The office of the Department of Education’s inspector general has come down hard on South Dakota, condemning the way the state calculates and reports its dropout and graduation rates.
In a June 7 report, Sherri L. Demmel, the department’s Dallas-based regional inspector general for audits, found that while the state reported both graduation rates and dropout rates, as required by the federal No Child Left Behind Act, it collected unreliable data to make those calculations. In particular, Ms. Demmel objected to the use of a one-year cohort of students for its formula rather than a four-year cohort. The one-year cohort inflated the graduation rate, she found.
There’s just one small problem: The Education Department itself had already given South Dakota’s methods for collecting the data the thumbs-up.
In a letter responding to the inspector general’s office’s findings, South Dakota Secretary of Education Rick Melmer, drew attention to the fact that his state’s system had been approved by federal education officials.
“Although you state that the above described methodology does not meet the NCLB-required definition of a graduation rate, it was clearly described in the accountability workbook approved by the agency (USDOE) which regulates NCLB,” Mr. Melmer wrote in his April 20 response to a draft of the federal audit.
The inspector general’s report recognized that the Education Department’s office of elementary and secondary education had approved the state’s formula for those calculations, but stated flatly that “the methodology does not meet NCLB,” Ms. Demmel wrote.

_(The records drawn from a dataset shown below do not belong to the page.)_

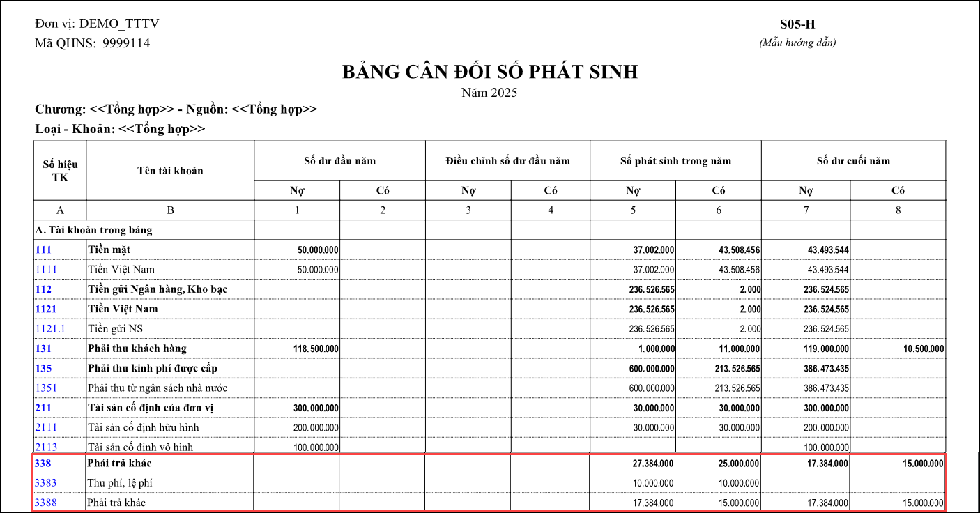Trường hợp đơn vị có phát sinh tại các tài khoản 1383, 3383 và tổng số dư Nợ của các tài khoản 137, 138, 141, 248, 332, 334, 338, 353 trên báo cáo S05-H (Mẫu số dư 2 bên) vẫn không bằng tổng chỉ tiêu 134 và 183, tiếp tục kiểm tra theo mục 3.3. Theo ví dụ minh họa ở trên thì chỉ có dư Nợ TK 3388 là 17.384.000, nhưng chỉ tiêu các khoản phải thu ngắn hạn khác trên báo cáo B01/BCTC đang hiện là 21.384.000, đồng thời đơn vị có phát sinh tài khoản 3383 nên đơn vị sẽ kiểm tra tiếp số dư 3383 chi tiết theo từng loại Phí, lệ phí.
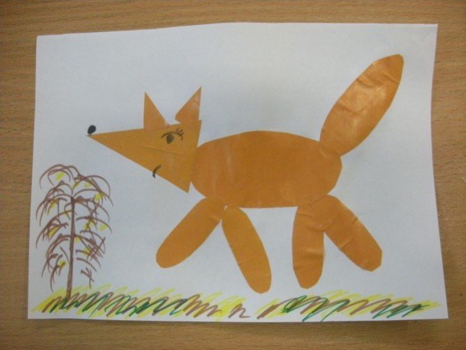 В детском саду, особенно в младших группах, ребятишки неспешно начинают выполнять такие работы. Воспитатель дает им готовые детали, дети их наклеивают. Чем ребенок становится старше, тем больше свободы у него при изготовлении такого рода аппликаций: они самостоятельно ножницами вырезают шаблоны, составляют несложные сюжетные композиции.
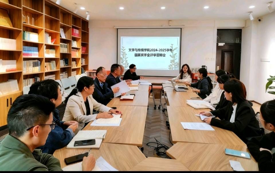 为切实做好国家奖学金的评审工作,充分发挥优秀学子示范引领作用,文学与传媒学院于9月24日下午在教学楼A405东教室举办召开2024-2025学年国家奖学金答辩评审会。会议由党委书记郝景东主持,党委副书记、纪委书记刘影、副院长满建及全体辅导员参加。
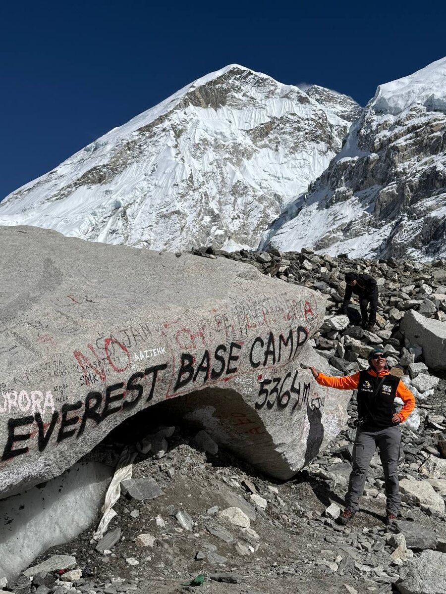 Два часа, три километра и вот уже показался заветный камень с надписью Everest Base Camp

Chad Colby, an Education Department spokesman, said there “were some inconsistencies” found involving South Dakota, “but we’re moving to correct them.”
The audit report also says that South Dakota’s dropout data were inaccurate, finding that some students were classified as transfers when they had either dropped out or continued in the same school, and that others were classified as dropouts when they had transferred.
Ms. Demmel recommended that the federal Education Department require the state to devise new procedures for calculating and documenting dropout and graduation data.
Though Mr. Melmer did not agree with a majority of the audit findings, he acknowledged in his letter “that our oversight can be improved.”